With SolarBees gone, cleaning efforts at Jordan Lake uncertain
It’s unlikely anyone has pulled something this big out of Jordan Lake and been so disappointed.
Work crews this week brought ashore the controversial 850-pound SolarBee devices North Carolina’s environmental agency deemed ineffective at cleaning the lake after two years afloat.
SolarBees are equipped with solar-powered pumps that churn the water in an attempt to reduce the effects of algae, which can cause pollution.
State lawmakers turned to them in 2014 as a potential alternative to enforcing the Jordan Lake Rules – construction and development restrictions on upstream communities that a Democratic-led legislature approved in 2009.
But in May, the state Department of Environmental Quality announced plans to abandon the experiment two years early after studies showed the SolarBees hadn’t improved water quality and sometimes floated away from their anchored positions.
On Thursday, work crews disassembled the devices to return them to Medora Corp., the manufacturer.
Now state authorities don’t have a comprehensive strategy for cleaning Jordan Lake, which provides drinking water to 300,000 Triangle residents and has been deemed impaired by the federal government.
The situation leaves both SolarBee supporters and detractors frustrated.
“We wasted so much time and money on something we knew wouldn’t work from the get-go,” said Dustin Chicurel-Bayard, spokesman for the N.C. Sierra Club, an environmental advocacy group. “(SolarBees) are a reminder of the constant delays that we’ve had and the waste that’s come from that.”
The state spent $1.7 million deploying 36 SolarBees in Jordan Lake. It will save more than $854,000 by voiding the lease before the October 2018 end date, said Stephanie Hawco, a state spokeswoman.
Medora reported lower levels of chlorophyll a in the lake than the state Department of Environmental Quality. Chlorophyll a is the green pigment in algae and plants that thrives off nutrient pollutants like nitrogen and phosphorus entering the lake.
The SolarBees would need three full years to significantly improve the water, said Ken Hudnell, vice president and director of science at Medora.
The devices aren’t a cure-all, he said, and the state should have implemented other nutrient treatments simultaneously.
“There should have been a combination of technologies deployed to do two things: suppress cyanobacteria and remove nutrients,” Hudnell said.
State lawmakers now plan to study potential remedies.
In passing their budget, they scrapped a plan to introduce algae-eating mussels into the lake and instead allocated $500,000 each year for the next five years to the Chief Sustainability Officer at UNC-Chapel Hill.
The office, along with DEQ, is tasked with monitoring Jordan and Falls lakes and continuing to study and analyze the best strategies for managing pollution-causing nutrients.

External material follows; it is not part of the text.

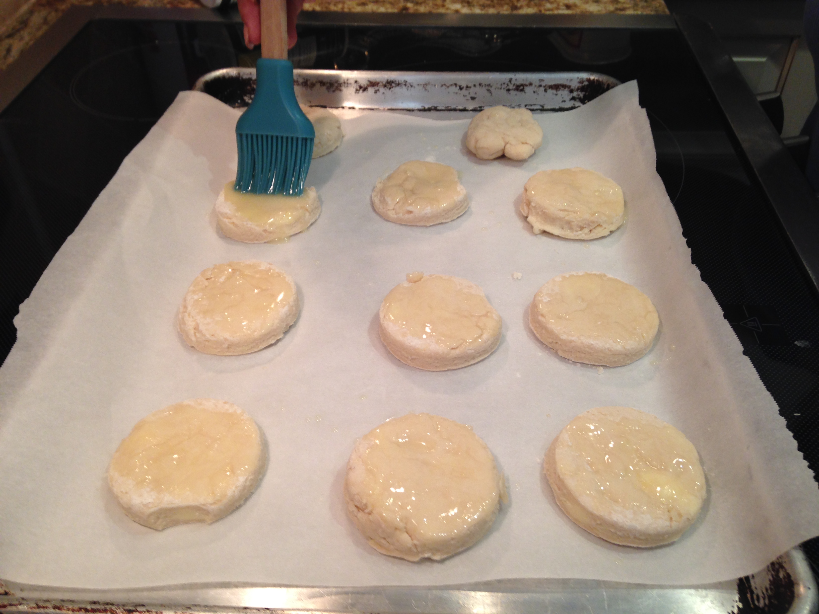 In a large bowl combine flour, sugar, baking powder and salt together. Cut butter into mixture until it begins to look like cornmeal.Make a well with flour mixture and slowly add milk into the middle. Knead dough with your fingers and add milk when necessary. Roll out dough onto a lightly floured surface (we use tons of flour–cant get enough of it) and roll out to desired thickness. Cut with small biscuit cutter. Butter bottom of skillet and place biscuits in pan. Cover and place on top of hot coals in the fireplace. Carefully place some hot coals on top of the skillet cover. Bake for 12 minutes or until golden brown.  Now this is where we throw the Aleman twist into things: Place the biscuits on parchment paper, melt butter, and gently lather a good helping of butter on top of the biscuits.

The final results of UNC’s study and its recommendations are due by Dec. 31, 2018, and the university’s first update is due by the end of this year. Brad Ives, UNC’s sustainability officer, said his group is still organizing a plan.

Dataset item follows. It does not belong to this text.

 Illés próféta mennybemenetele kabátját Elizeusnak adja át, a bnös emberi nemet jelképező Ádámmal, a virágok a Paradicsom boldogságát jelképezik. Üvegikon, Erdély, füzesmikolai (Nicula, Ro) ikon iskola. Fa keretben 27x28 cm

“We were caught a little flat-footed when the draft (bill) came out. We don’t have an answer yet as to how we’re going to do all that,” Ives said. “I imagine the (December) report will be fairly limited. I doubt we’ll have a lot of findings that will be reported by year end.”
The budget also gave $1.3 million to DEQ to try another strategy akin to SolarBees, but Hawco said Friday she’s uncertain whether the department has plans to do so. It has until the end of the year to sign a contract.
In the meantime, state legislators froze some development regulations around Jordan and Falls lakes.
Hudnell, the SolarBee contractor, said Jordan Lake is far from being dangerously impaired but echoed his product’s detractors in calling on state legislators to implement a comprehensive nutrient management plan.
“The problem’s not gonna go away any time soon,” he said.
State Rep. Chuck McGrady, a Henderson Republican who co-chairs the General Assembly’s Environmental Review Commission, said attitudes in the legislature would likely have to change for such reform.
“I don’t know the specific answer. The obligation of the state is clear under the Clean Water Act,” McGrady said. “We’ve got to come up with a solution for this but there’s an aversion among legislative leaders to enforce the Jordan Lake Rules.”